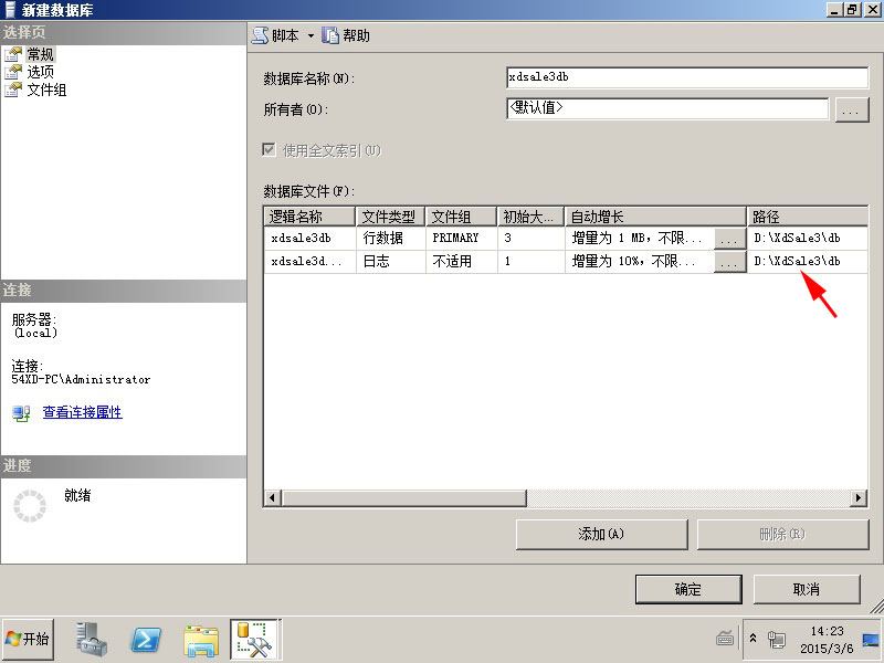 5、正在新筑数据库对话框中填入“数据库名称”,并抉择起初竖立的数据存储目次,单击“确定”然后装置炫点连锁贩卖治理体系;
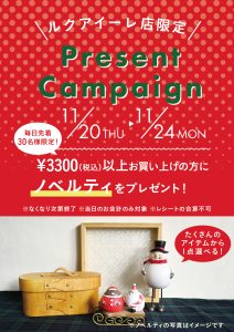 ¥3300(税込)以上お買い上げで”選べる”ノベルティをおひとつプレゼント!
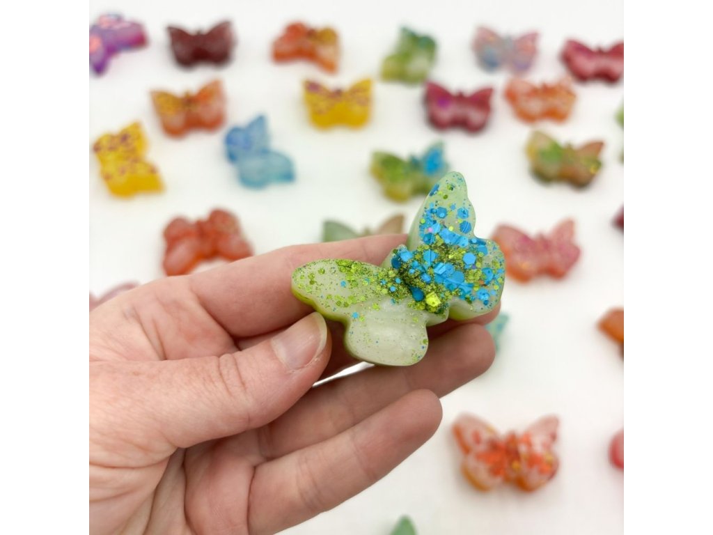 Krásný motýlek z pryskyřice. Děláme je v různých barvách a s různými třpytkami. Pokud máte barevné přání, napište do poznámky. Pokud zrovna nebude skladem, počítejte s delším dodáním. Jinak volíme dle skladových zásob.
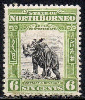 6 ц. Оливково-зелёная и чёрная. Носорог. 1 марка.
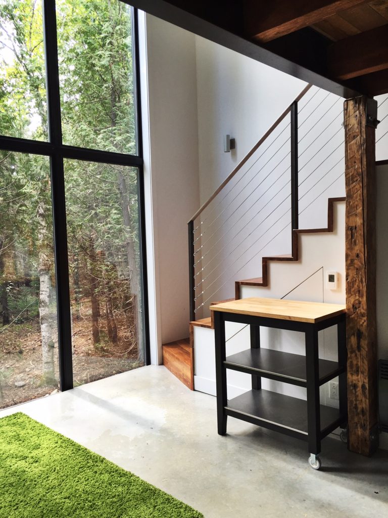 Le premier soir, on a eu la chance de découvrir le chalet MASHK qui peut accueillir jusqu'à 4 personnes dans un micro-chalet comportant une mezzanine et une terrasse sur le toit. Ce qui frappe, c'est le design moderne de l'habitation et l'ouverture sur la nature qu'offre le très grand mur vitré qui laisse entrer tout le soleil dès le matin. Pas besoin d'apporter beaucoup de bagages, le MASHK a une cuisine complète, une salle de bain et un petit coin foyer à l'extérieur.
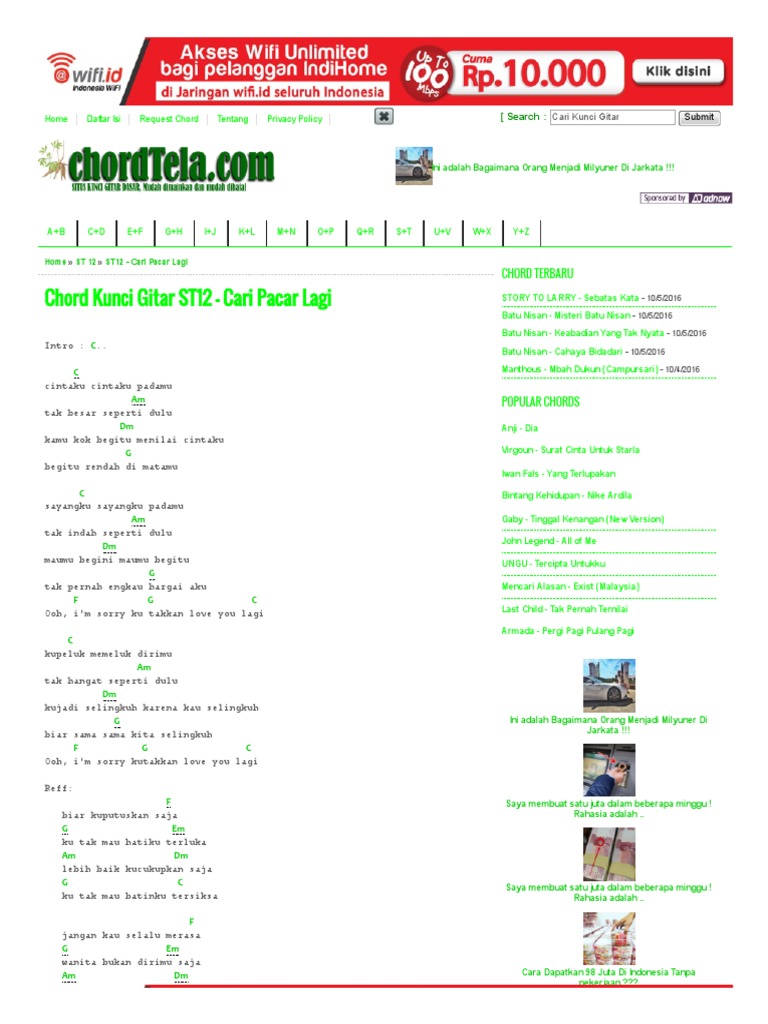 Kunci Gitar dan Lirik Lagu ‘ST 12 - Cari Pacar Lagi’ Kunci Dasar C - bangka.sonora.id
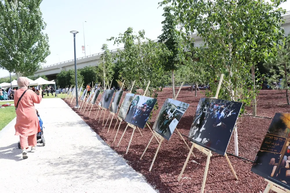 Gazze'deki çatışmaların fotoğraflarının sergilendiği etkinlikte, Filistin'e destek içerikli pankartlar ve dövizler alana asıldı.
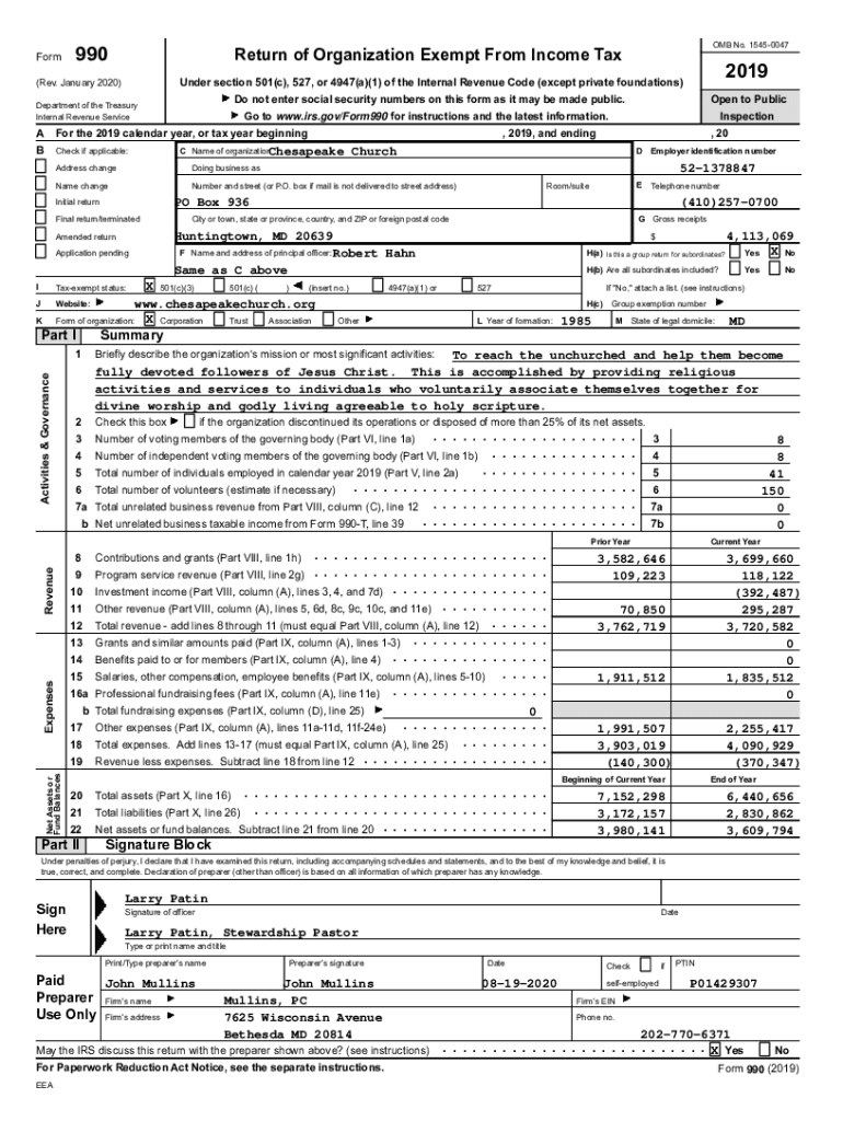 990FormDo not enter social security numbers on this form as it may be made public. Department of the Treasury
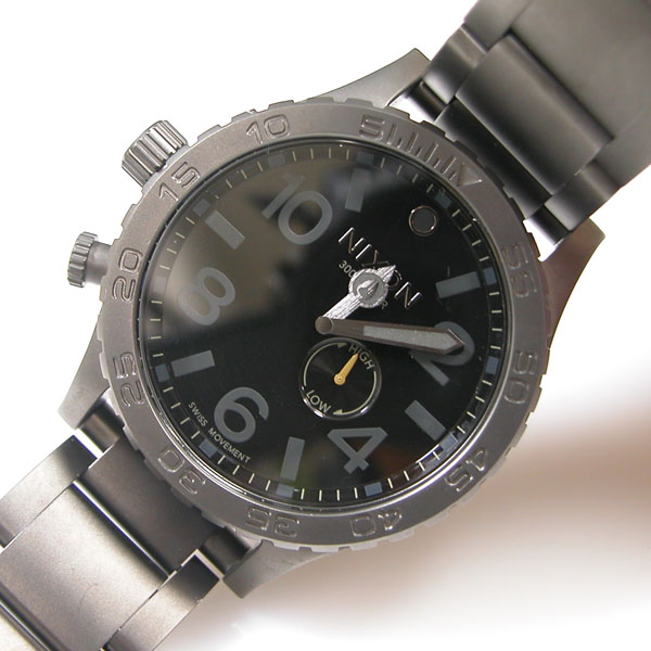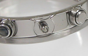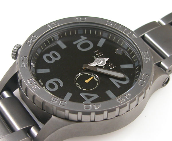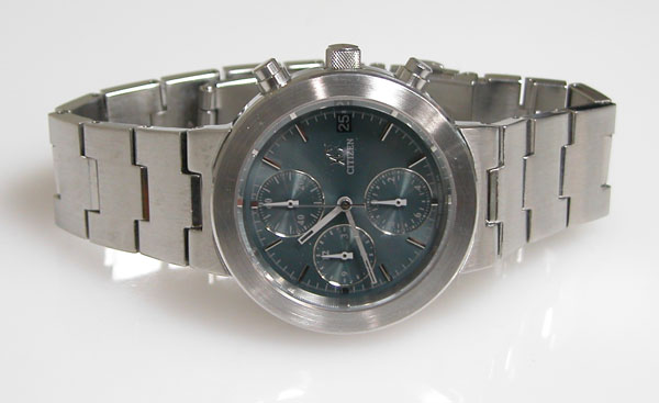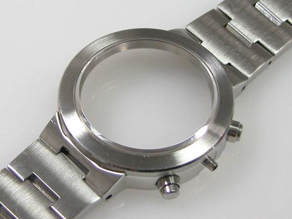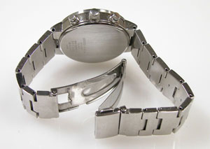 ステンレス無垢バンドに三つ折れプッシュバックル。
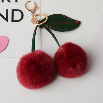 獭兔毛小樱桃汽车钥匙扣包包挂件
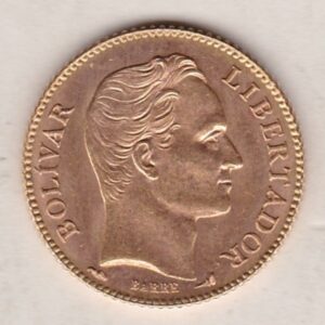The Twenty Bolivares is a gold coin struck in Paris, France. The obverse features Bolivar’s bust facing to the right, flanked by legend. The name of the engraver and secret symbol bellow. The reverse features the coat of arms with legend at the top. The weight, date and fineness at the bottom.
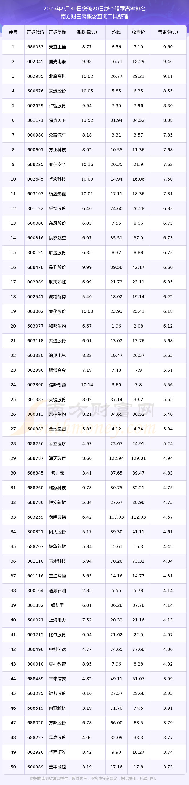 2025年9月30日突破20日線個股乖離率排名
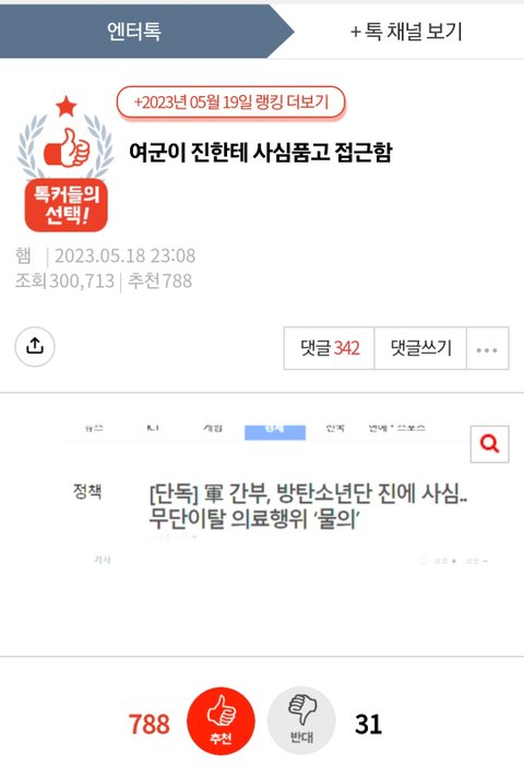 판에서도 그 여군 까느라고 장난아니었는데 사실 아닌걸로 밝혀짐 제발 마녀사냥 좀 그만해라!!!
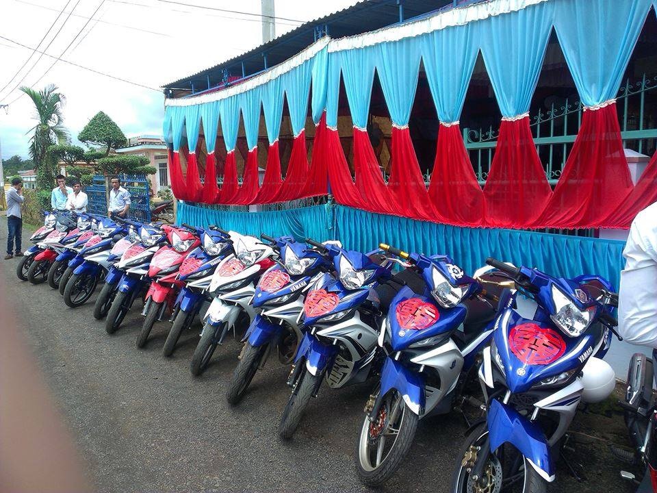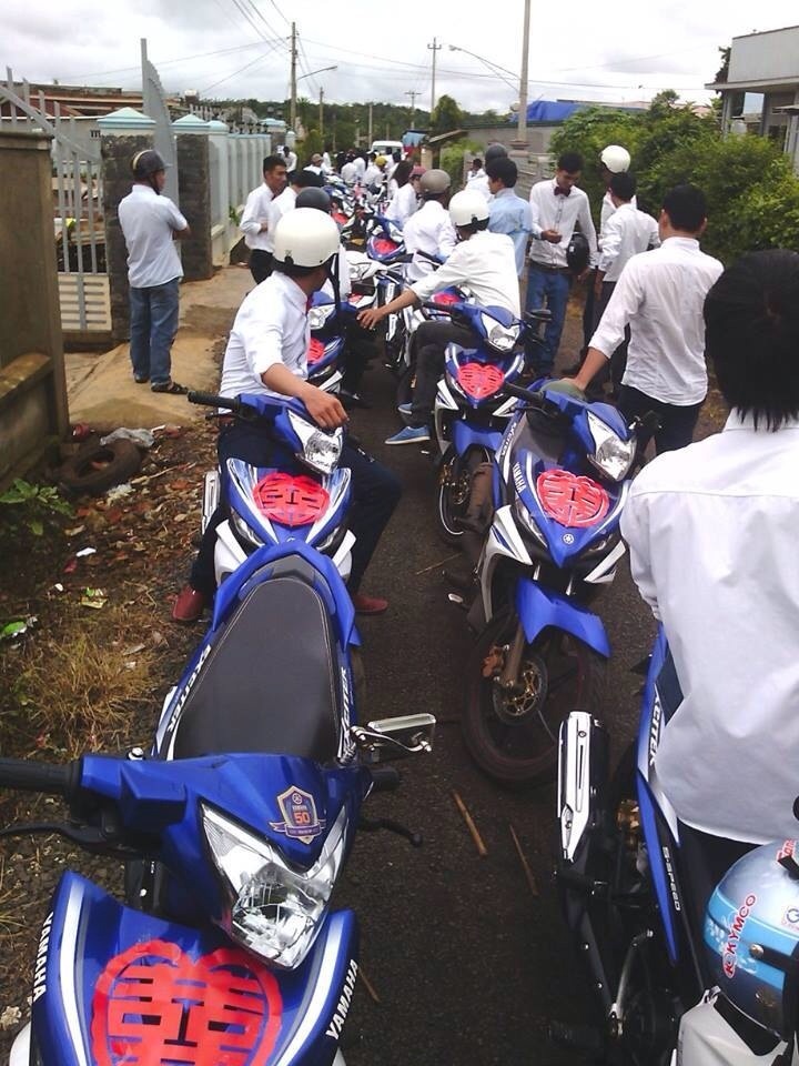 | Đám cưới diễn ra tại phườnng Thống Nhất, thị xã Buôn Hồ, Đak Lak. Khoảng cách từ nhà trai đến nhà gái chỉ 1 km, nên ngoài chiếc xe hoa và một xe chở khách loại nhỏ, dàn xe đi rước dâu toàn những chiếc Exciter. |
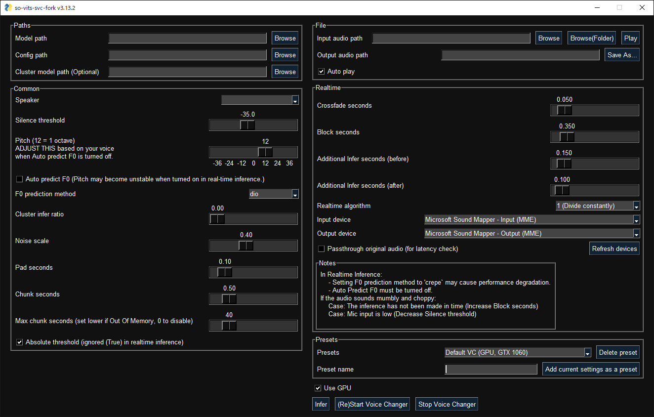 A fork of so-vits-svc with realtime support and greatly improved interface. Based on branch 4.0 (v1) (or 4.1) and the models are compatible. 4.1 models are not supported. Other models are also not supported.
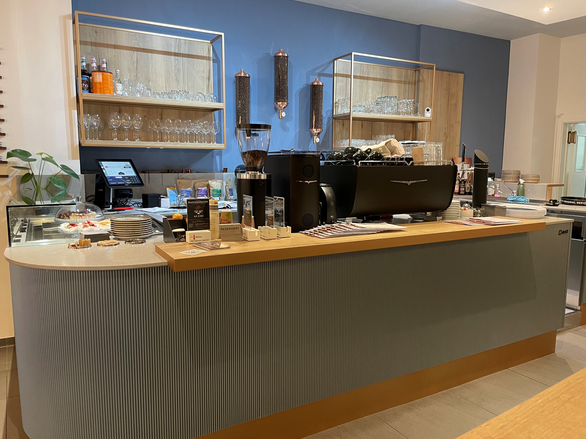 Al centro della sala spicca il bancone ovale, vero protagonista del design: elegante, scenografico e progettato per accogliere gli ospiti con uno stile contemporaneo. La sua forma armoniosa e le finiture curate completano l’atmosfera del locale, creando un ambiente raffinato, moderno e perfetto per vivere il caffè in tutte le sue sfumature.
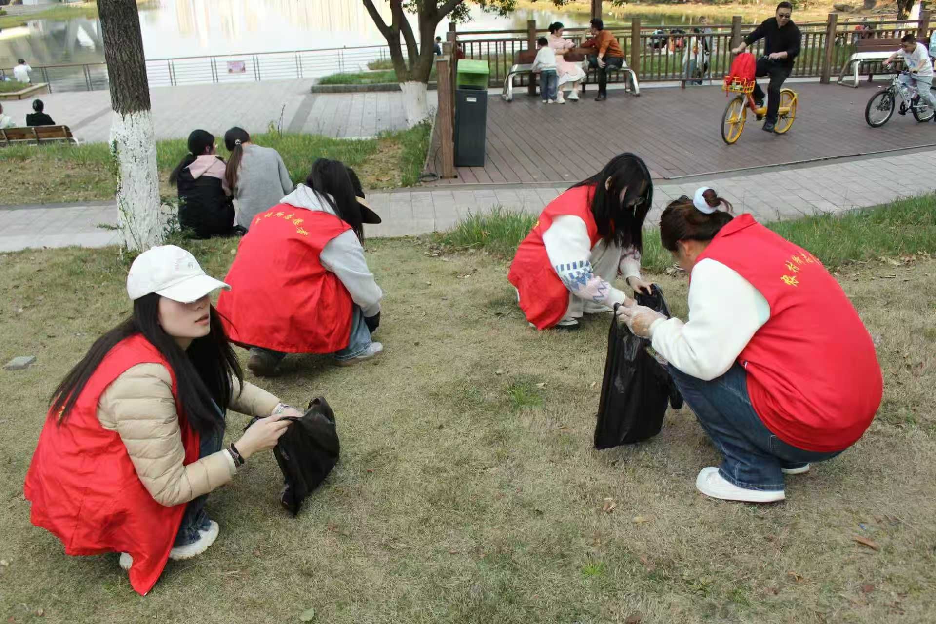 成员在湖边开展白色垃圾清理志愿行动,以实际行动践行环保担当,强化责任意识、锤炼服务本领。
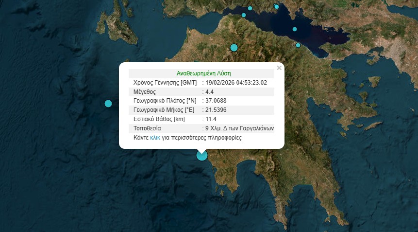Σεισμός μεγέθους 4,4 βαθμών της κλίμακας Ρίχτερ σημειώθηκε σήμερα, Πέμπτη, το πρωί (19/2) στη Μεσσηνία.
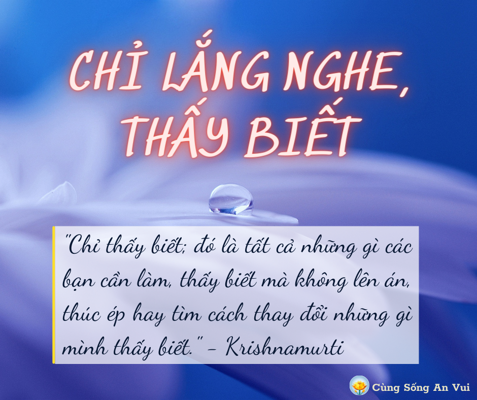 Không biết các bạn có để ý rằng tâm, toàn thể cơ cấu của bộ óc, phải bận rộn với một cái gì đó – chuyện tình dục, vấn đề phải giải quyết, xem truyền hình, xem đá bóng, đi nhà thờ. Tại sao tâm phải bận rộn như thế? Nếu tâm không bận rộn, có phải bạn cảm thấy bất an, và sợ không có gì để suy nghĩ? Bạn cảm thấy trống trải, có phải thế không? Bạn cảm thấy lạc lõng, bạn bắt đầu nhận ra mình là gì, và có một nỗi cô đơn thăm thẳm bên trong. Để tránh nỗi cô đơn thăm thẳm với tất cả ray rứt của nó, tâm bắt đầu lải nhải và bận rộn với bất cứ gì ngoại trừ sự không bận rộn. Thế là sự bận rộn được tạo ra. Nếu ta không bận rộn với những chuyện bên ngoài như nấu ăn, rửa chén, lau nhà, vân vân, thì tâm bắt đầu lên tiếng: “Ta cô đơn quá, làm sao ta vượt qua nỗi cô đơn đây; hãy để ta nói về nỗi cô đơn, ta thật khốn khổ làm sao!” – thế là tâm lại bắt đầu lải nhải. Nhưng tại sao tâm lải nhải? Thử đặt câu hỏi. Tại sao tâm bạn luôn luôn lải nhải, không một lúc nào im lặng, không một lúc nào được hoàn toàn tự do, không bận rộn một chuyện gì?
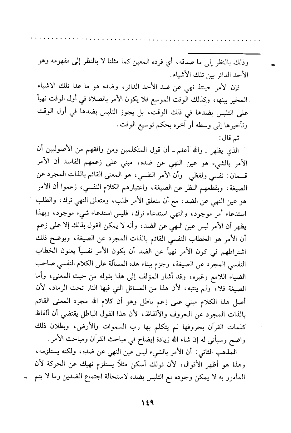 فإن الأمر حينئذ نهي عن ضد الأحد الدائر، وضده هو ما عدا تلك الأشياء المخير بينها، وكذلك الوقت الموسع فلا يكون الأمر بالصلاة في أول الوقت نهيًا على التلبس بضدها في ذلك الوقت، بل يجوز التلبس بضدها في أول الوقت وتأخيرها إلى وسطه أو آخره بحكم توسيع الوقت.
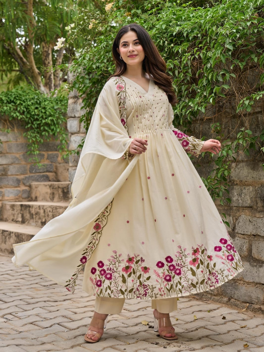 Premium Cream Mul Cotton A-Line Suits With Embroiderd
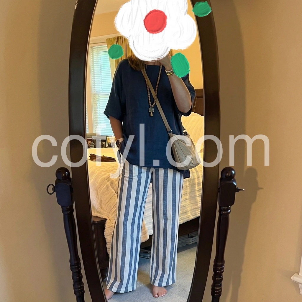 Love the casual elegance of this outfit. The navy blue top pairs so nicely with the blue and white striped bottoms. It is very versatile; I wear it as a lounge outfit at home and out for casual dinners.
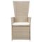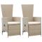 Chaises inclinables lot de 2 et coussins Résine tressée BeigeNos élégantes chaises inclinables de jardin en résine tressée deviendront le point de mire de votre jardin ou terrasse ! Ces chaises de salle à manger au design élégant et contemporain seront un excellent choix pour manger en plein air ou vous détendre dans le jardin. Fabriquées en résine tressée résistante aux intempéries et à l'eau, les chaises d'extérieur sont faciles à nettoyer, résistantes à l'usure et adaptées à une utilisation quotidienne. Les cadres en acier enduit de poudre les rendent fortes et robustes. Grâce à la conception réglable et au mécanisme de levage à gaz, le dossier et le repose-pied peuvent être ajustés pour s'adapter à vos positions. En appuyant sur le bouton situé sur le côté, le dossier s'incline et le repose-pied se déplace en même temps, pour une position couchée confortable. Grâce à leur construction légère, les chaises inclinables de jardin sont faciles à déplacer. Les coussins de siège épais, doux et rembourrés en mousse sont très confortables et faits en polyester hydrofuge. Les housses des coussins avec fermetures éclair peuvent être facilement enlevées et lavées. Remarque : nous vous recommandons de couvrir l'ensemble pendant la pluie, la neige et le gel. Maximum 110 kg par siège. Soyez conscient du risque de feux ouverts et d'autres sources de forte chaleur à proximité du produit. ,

*-*-*

§ **What the task asks**
Above, find the line with "Kunci Gitar dan"; copy it and every line down to the line with "獭兔毛小樱桃汽车钥匙扣包包挂件", exactly and both included, but no pictures.

§ **Solution to the problem**
 Kunci Gitar dan Lirik Lagu ‘ST 12 - Cari Pacar Lagi’ Kunci Dasar C - bangka.sonora.id
 Gazze'deki çatışmaların fotoğraflarının sergilendiği etkinlikte, Filistin'e destek içerikli pankartlar ve dövizler alana asıldı.
 990FormDo not enter social security numbers on this form as it may be made public. Department of the Treasury
 ステンレス無垢バンドに三つ折れプッシュバックル。
 獭兔毛小樱桃汽车钥匙扣包包挂件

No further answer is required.